Outputs declare the files a stage writes. They form the other half of the DAG — every output path can become a dependency for downstream stages.

The return-type pattern

Outputs are declared in the stage function's return type, not its parameters. For multiple outputs, use a TypedDict where each field is annotated with an output spec:

from typing import Annotated, TypedDict
from pandas import DataFrame
import pivot

class TrainOutputs(TypedDict):
    predictions: Annotated[DataFrame, pivot.Out("predictions.csv", pivot.loaders.CSV())]
    metrics: Annotated[dict, pivot.Metric("metrics.json")]

def train(
    data: Annotated[DataFrame, pivot.Dep("features.csv", pivot.loaders.CSV())],
) -> TrainOutputs:
    model = fit(data)
    return {
        "predictions": model.predict(data),
        "metrics": {"accuracy": 0.95, "f1": 0.91},
    }

The stage returns a plain dict matching the TypedDict keys. Pivot serializes each value to its declared path using the specified loader.

Single-output shorthand

When a stage produces exactly one file, skip the TypedDict and annotate the return type directly:

def clean(
    raw: Annotated[DataFrame, pivot.Dep("raw.csv", pivot.loaders.CSV())],
) -> Annotated[DataFrame, pivot.Out("clean.csv", pivot.loaders.CSV())]:
    return raw.dropna()

The stage returns the value directly (not wrapped in a dict). Pivot saves it to the declared path.

Output types at a glance

Type Syntax Cached Use case
Out[W] Out(path, writer, cache=True) Yes Standard file output
Metric Metric(path) No JSON metrics (git-tracked)
Plot[W] Plot(path, writer) Yes Visualization files
IncrementalOut[W,R] IncrementalOut(path, loader) Yes State carried across runs
DirectoryOut[T] DirectoryOut(path + "/", writer) Yes Dynamic file sets

All output types are frozen dataclasses. They are immutable, picklable, and their code is fingerprinted for change detection.
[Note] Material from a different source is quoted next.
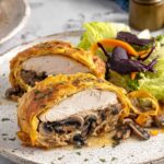 Chicken Wellington is a delicious dish featuring tender chicken breasts wrapped in flaky puff pastry with a savory mushroom and cream cheese filling. This elegant yet approachable recipe combines seared chicken, a flavorful mushroom mixture, and a golden baked pastry crust, perfect for a special dinner or entertaining guests.
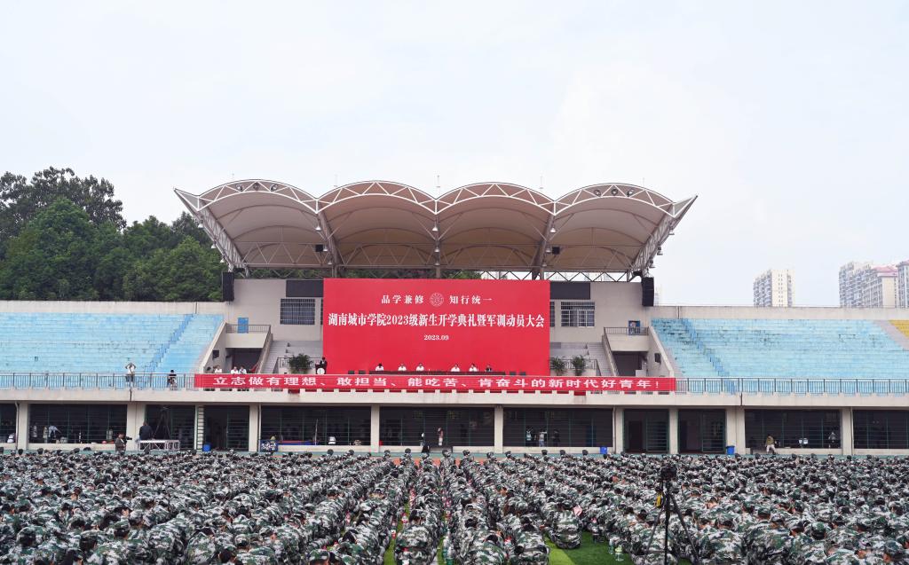 本网讯(记者 文彦波)金秋九月,惠风和畅,米兰体育·米兰官方网站迎来了7000余名新同学。为做好新生思想教育工作,为新生扣好大学第一粒扣子,9月14上午,学校党委书记汤放华以“以学立身 品学兼修 绽放新时代城院学子的绚丽风采”为题,在东田径场为2023级全体新同学讲授开学第一堂思政课。副校长雷存喜主持。

Out — standard file output

The workhorse output type. Writes a single file (or multiple files) using a Writer:

class Results(TypedDict):
    report: Annotated[dict, pivot.Out("report.json", pivot.loaders.JSON())]
    data: Annotated[DataFrame, pivot.Out("processed.csv", pivot.loaders.CSV())]

Parameters:

Parameter Type Default Description
path str \| list[str] \| tuple[str, ...] required Output file path(s)
loader Writer[W] required Serializer for the data (named loader for consistency with Dep; accepts any Writer)
cache bool True Whether to cache in .pivot/cache

Multi-file outputs

A single output key can write multiple files:

class ShardOutputs(TypedDict):
    shards: Annotated[list[dict], pivot.Out(["shard_a.json", "shard_b.json"], pivot.loaders.JSON())]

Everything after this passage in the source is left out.